Faire créer un logo ou une charte graphique, c’est souvent la première dépense sérieuse d’une entreprise qui se structure. C’est aussi l’une des situations où les malentendus sur la propriété des fichiers sont les plus fréquents — et les plus coûteux à résoudre.
Ce que vous recevez — et ce que vous devriez recevoir
Un logo livré en PNG sur fond blanc, c’est un début. Ce n’est pas suffisant. Pour utiliser votre identité visuelle librement — sur tous les supports, avec n’importe quel prestataire — vous avez besoin des fichiers sources vectoriels : SVG, AI (Illustrator) ou EPS. Ce sont ces fichiers que vous pourrez agrandir à n’importe quelle taille sans perte de qualité, et que vous pourrez donner à un imprimeur, un signalétiste ou un autre graphiste.
- SVG — format vectoriel ouvert, universel, utilisable sur le web et en print.
- AI ou EPS — format Illustrator, indispensable pour les imprimeurs professionnels.
- PDF haute résolution — pour les documents et présentations.
- PNG sur fond transparent — pour les usages numériques courants.
- Versions alternatives : logo blanc (pour fonds sombres), logo monochrome, version simplifiée.
La question des droits de propriété
En droit belge et français, les droits patrimoniaux sur une création graphique appartiennent par défaut à l’auteur (le graphiste), sauf cession explicite par contrat. Autrement dit : si votre contrat ne mentionne pas que vous devenez propriétaire du logo et des fichiers sources, le graphiste reste techniquement propriétaire de ce qu’il a créé pour vous.
Dans la pratique, la plupart des prestataires honnêtes cèdent ces droits sans problème. Mais il faut que ce soit écrit. La clause à chercher dans tout contrat de création graphique : "Le client devient propriétaire de l’ensemble des droits patrimoniaux sur les créations livrées, à titre exclusif, pour tous supports et toutes durées, dès réception du paiement complet."
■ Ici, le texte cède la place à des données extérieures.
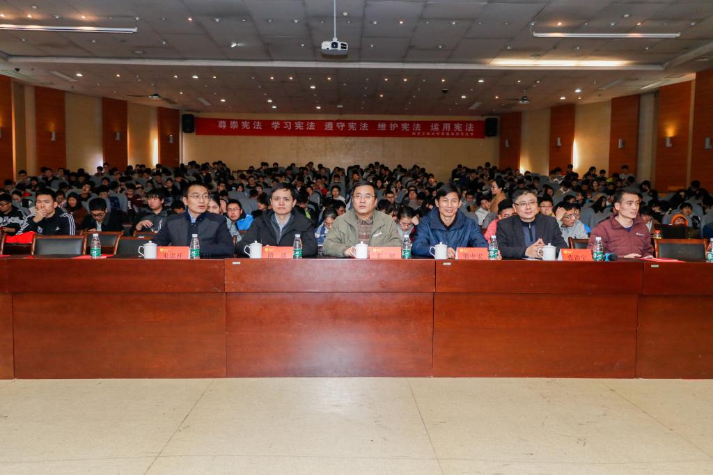 为弘扬宪法精神、树立宪法权威,在全国首个“宪法宣传周”到来之际,党委宣传部、校团委、法公司联合举办了校首届宪法知识竞赛。12月3日晚,竞赛决赛在浦江报告厅举行,党委宣传部部长张健,校团委副书记路遥,法公司党委书记熊中宏、副经理张治宇、副书记朱忠祥以及400余名师生代表观摩了决赛。
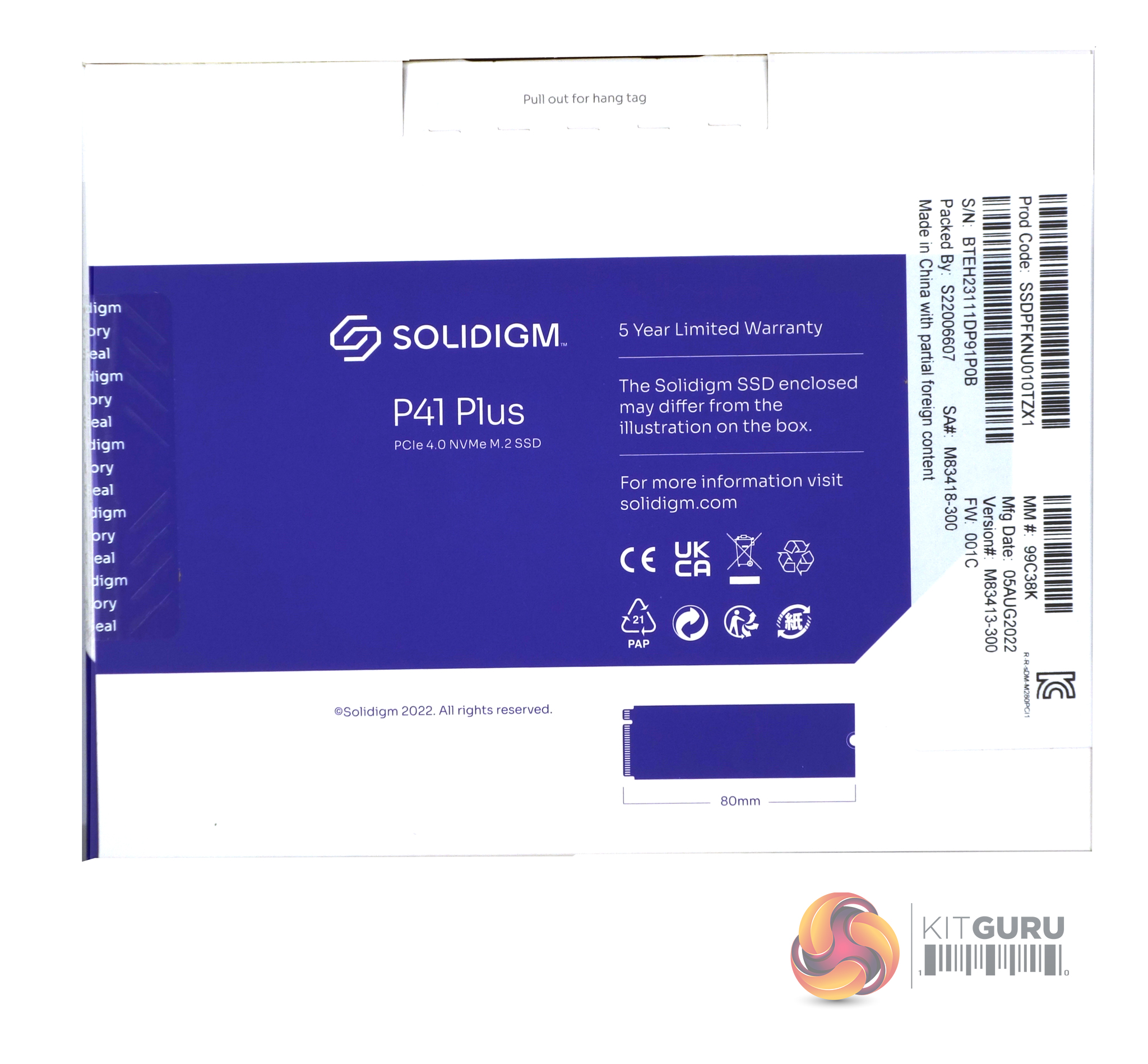 The Solidigm P41 Plus comes in a small but sturdy box with a close-up image of the drive on the front. To the left of the image is a sticker carrying the drive's size and its Sequential read speed rating (4,100MB/s). Under the product name is a line stating that the drive uses a PCIe 4.0 interface. This is repeated on the back of the box, along with a statement that the drive has a 5-year warranty. Towards the bottom edge of the box, there is a diagram showing the drive's length.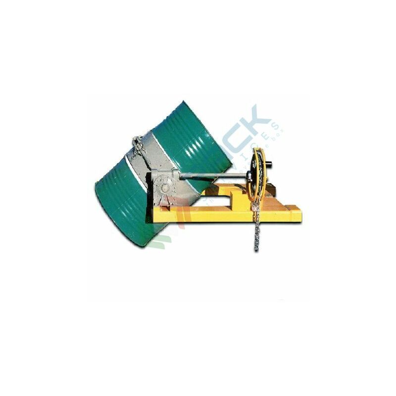 RIBALTAFUSTI FRONTALE MANUALE PER FUSTI IN METALLO Ribaltafusti frontale manuale per fusti standard petroliferi in metallo. Ribaltatore inforcabile ad azionamento manuale realizzato in acciaio verniciato. Mis. 1300 L x 1050 P x 450 H mm Portata 500 Kg Peso 100 Kg Ribaltatore inforcabile manuale per fusti standard petroliferi in metallo: Rotazione frontale continua a 360° nei due sensi Fascia di serraggio H 230 mm completamente rivestita in gomma sostituibile per una migliore presa e salvaguardia del fusto Robusta maniglia di serraggio Possibilità di ruotare il fusto anche tramite catena Elevata stabilità nella posizione di fusto inclinato Staffa di bloccaggio per un'applicazione veloce e sicura sulle forche del muletto Tutti i nostri modelli sono certificati e corredati di libretto uso e di manutenzione.

Les clauses d’exclusivité abusives
Certains contrats incluent des clauses qui vous interdisent de confier les fichiers à un autre prestataire sans autorisation, ou qui prévoient des royalties si vous utilisez le logo dans un contexte non prévu. Ces clauses existent — elles sont rares chez les indépendants sérieux, plus fréquentes dans certaines grandes structures.
À éviter dans tous les cas : les prestataires qui "gardent les fichiers sources" en otage pour garantir que vous reviendrez les voir. Si votre graphiste ne vous remet pas les sources complètes à la livraison finale, c’est un signal d’alerte.
La charte graphique : pas juste un joli PDF
Une charte graphique utile précise les codes couleur en RGB, CMJN, Hexadécimal et Pantone, les polices utilisées (et les alternatives libres si les polices sont sous licence), les règles d’usage (espaces de protection, fonds autorisés, combinaisons interdites). Sans ces éléments, chaque nouveau prestataire devra deviner — et votre image finira par être incohérente.
Si votre graphiste ne peut pas vous expliquer en deux phrases ce que contient le fichier AI qu’il vous remet, demandez-lui de vous montrer qu’il s’ouvre correctement dans Illustrator. Les vrais professionnels ne voient aucun problème à cette vérification.